Finish Synthetic Datasets module

Question

Finish Synthetic Datasets module

Closed this issue 15 days ago · 1 comments

davidberenstein1957 commented a month ago

The evaluation module is not complete. It requires a finalised structure, some more informations, and exercises.

Structure
Here is a basic proposal for a structure:

what's synthetic data
synthetic data for instruction tuning + adding seed knowledge (magpie, selfinstruct)
synthetic data for preference tuning + llm evals + adding seed knowledge (idem + response generation + ultrafeedback)
improving synthetic data (injecting diversity, evolving/deita)
evaluating synthetic data (quality classifiers, llms as judges, filtering/deita)

project

create a SFT dataset
transform the SFT dataset to preference dataset
improve preference dataset
evaluate and compare the improved and basic dataset

Comments

Answer 1 · 2024-12-11T07:46:13.000Z

Great.
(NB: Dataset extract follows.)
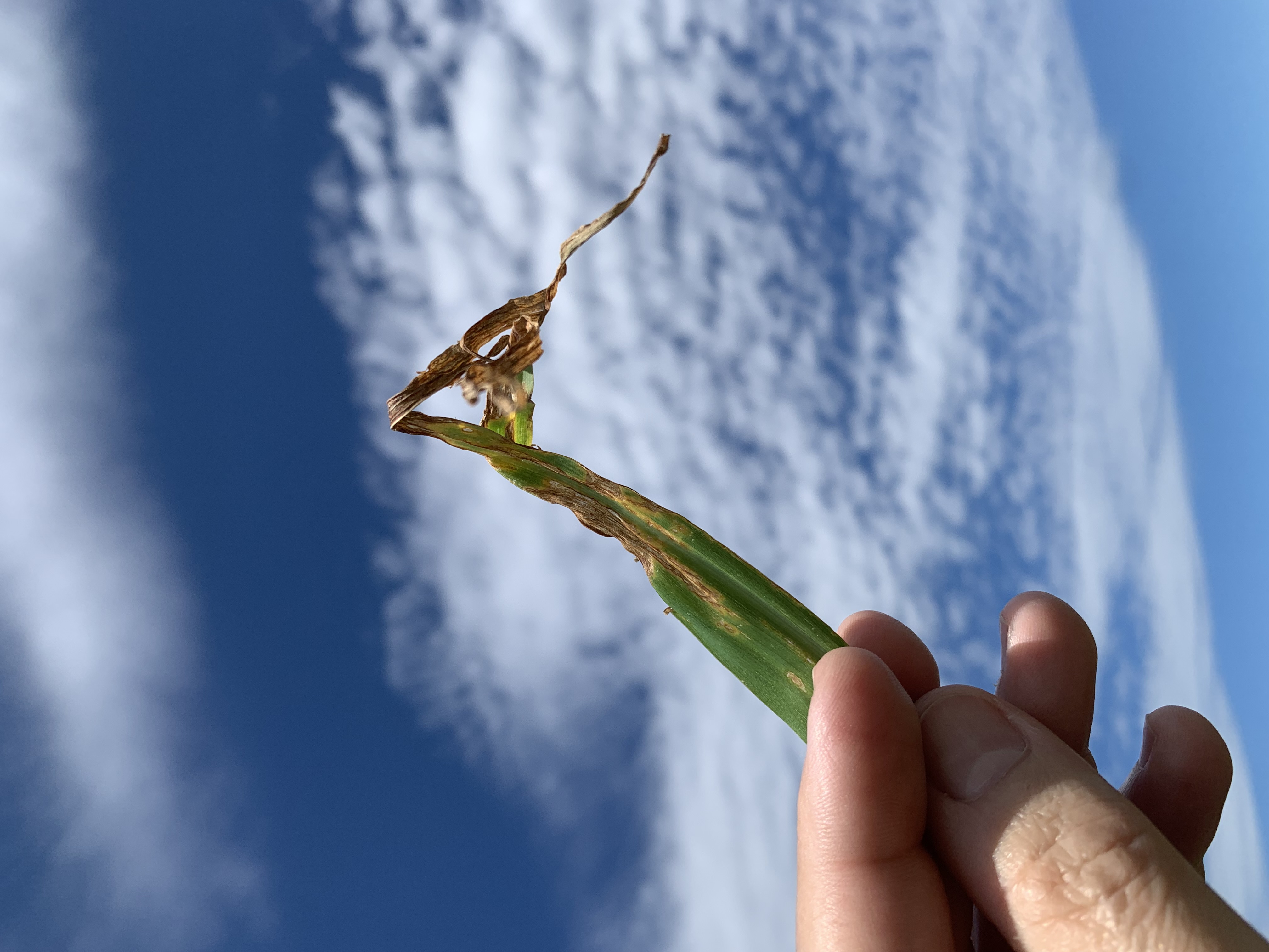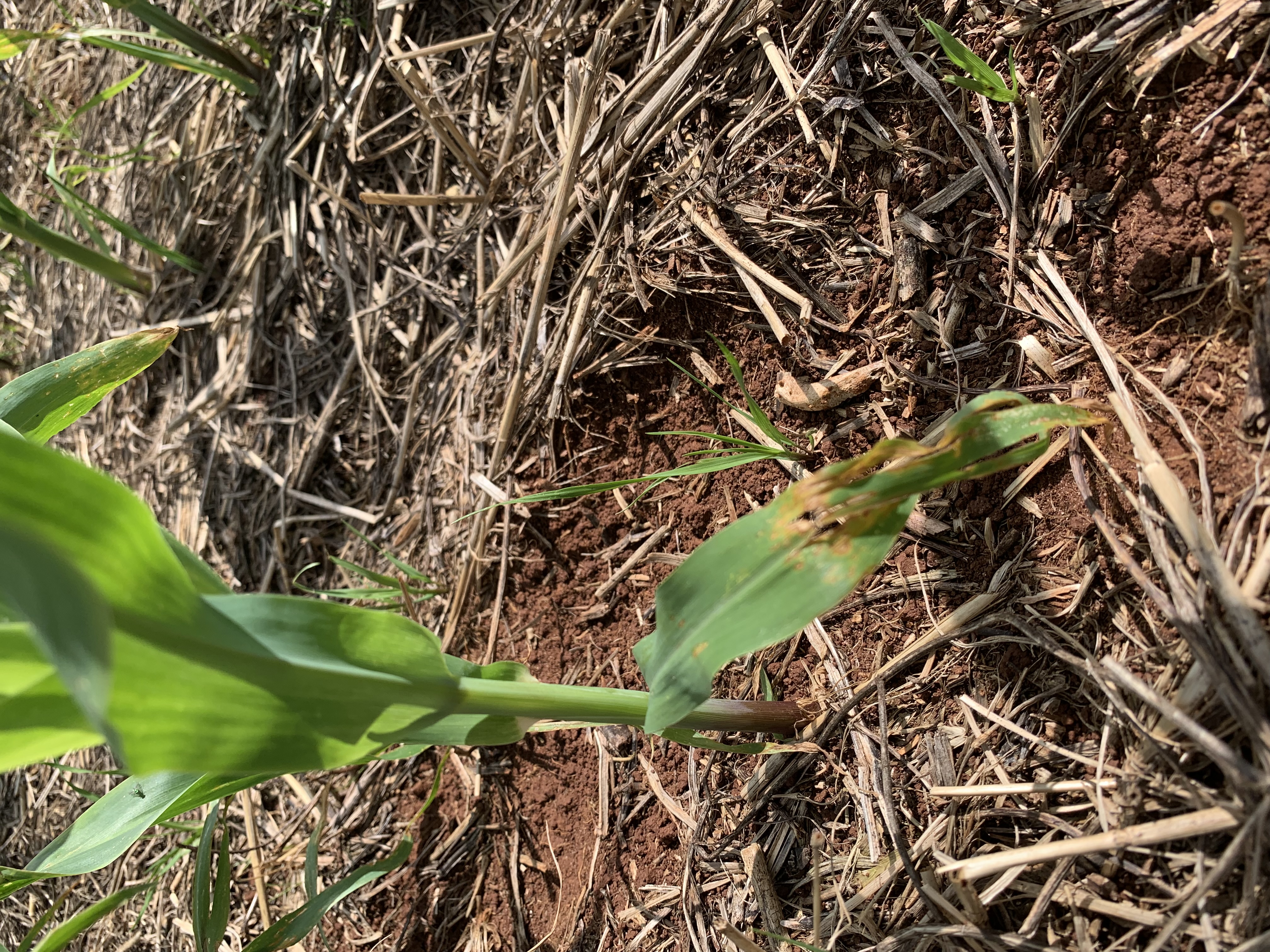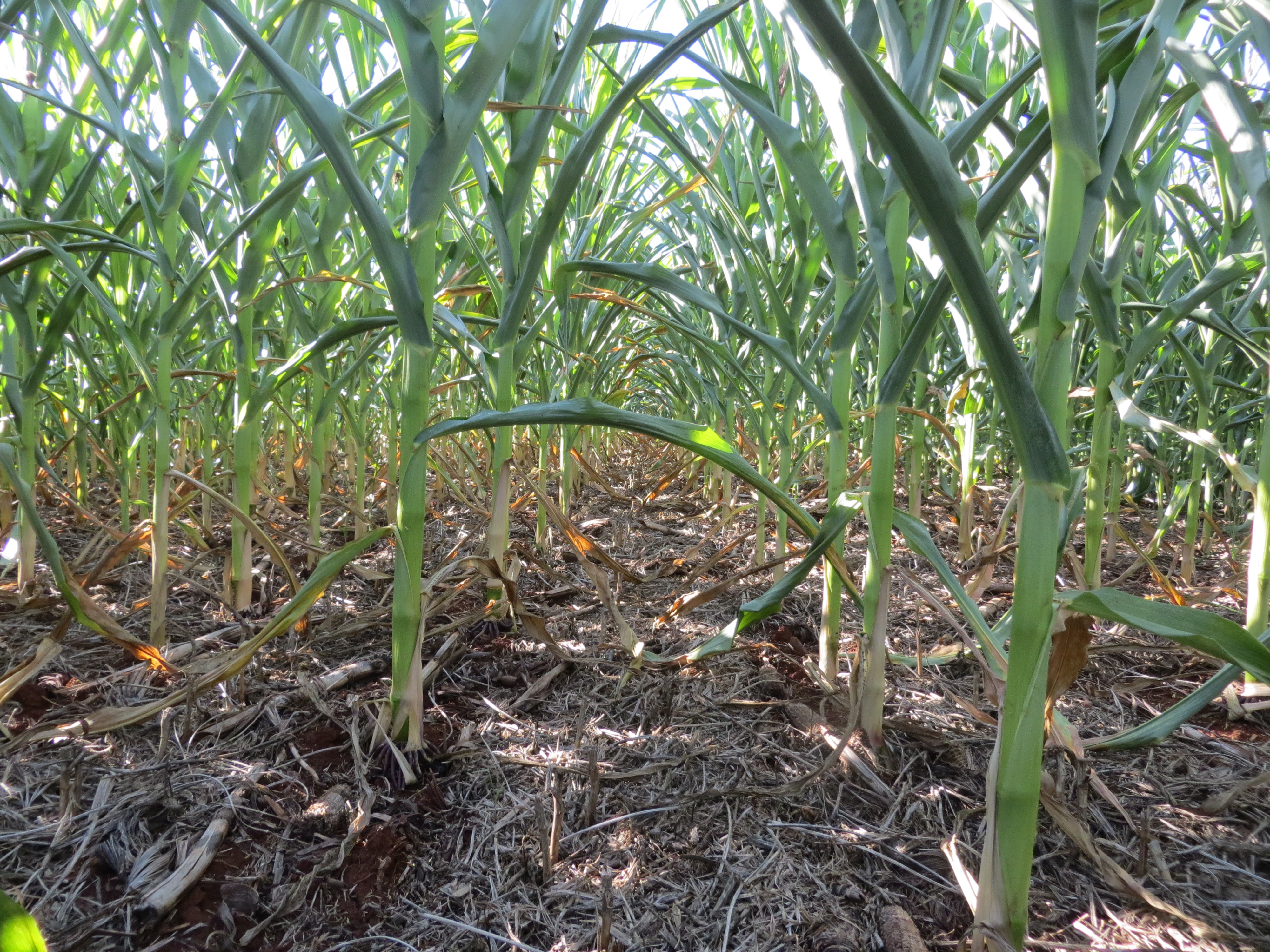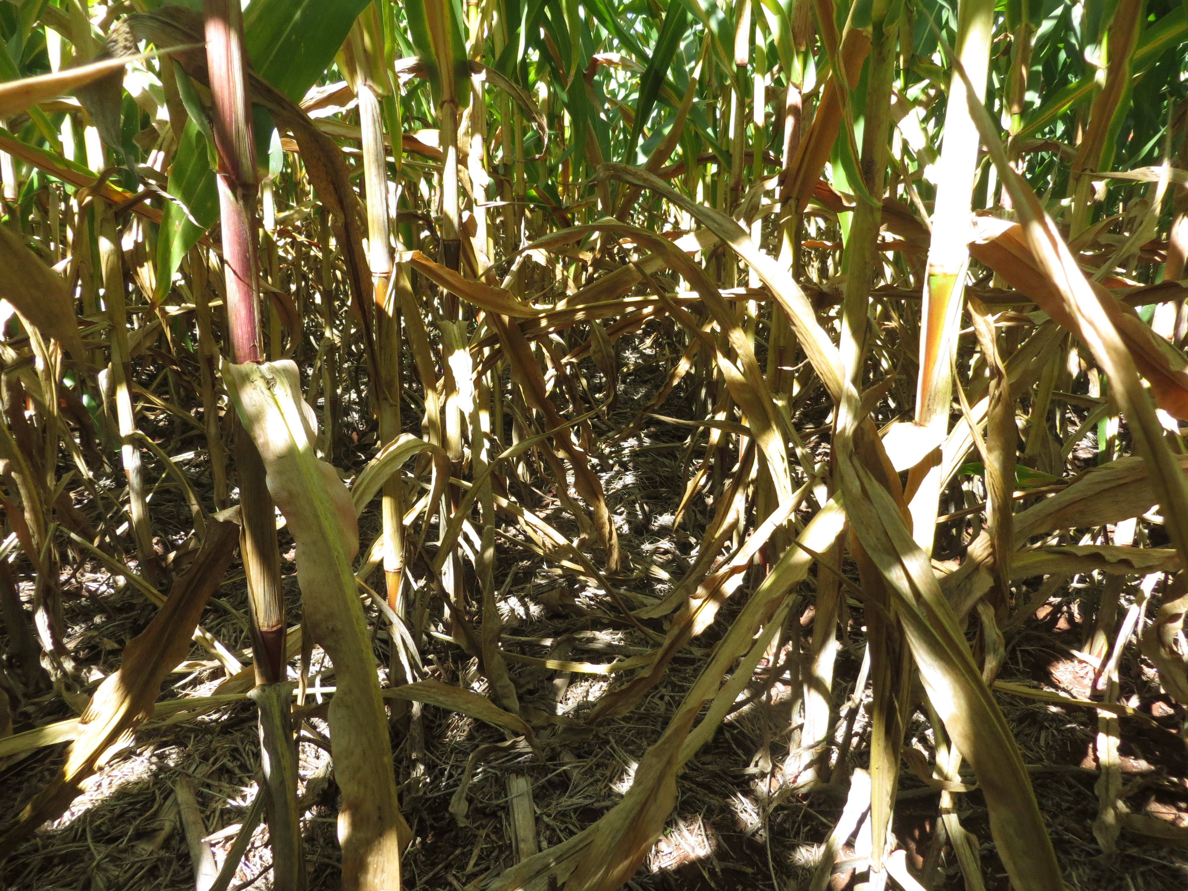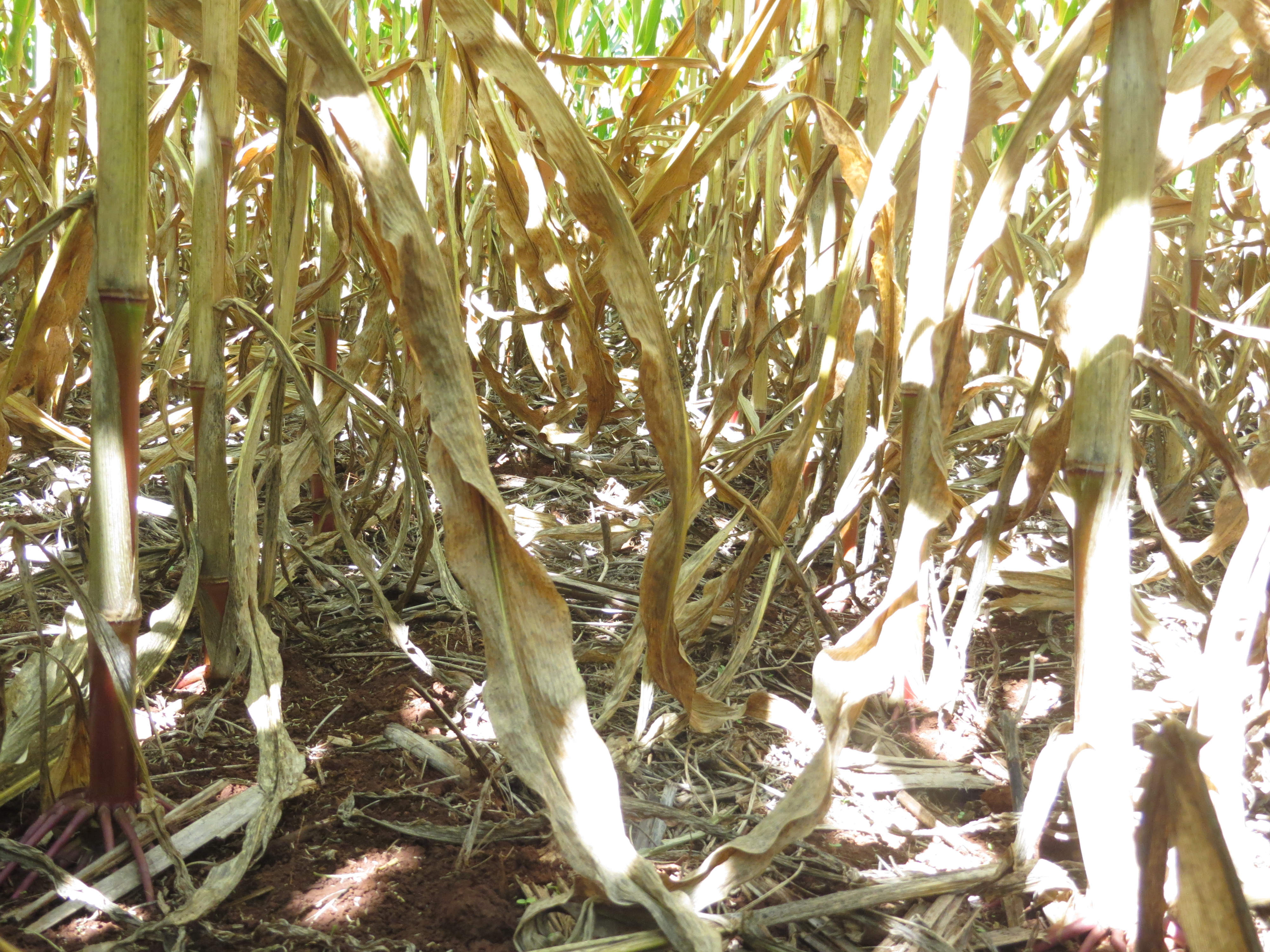Foto 1 e Foto 2. Requeima das folhas do baixeiro do milho provocada por longo período de estiagem (seca)

Thanks for outlining this.

The material you aligned sounds good. For now, I would focus on getting the core material for synthetic data, and structuring it like the other modules. Which would be something like this:

README
instruction_datasets.md
- Magpie
- SelfInstruct
preference_datasets.md
- UltraFeedback
notebooks/
- sft dataset project
- dpo dataset project

I would say this is the minimum which aligns with the previous modules.

improving synthetic data (injecting diversity, evolving/deita)
evaluating synthetic data (quality classifiers, llms as judges, filtering/deita)

I would say that these are good extras, which we can come back to if we have time.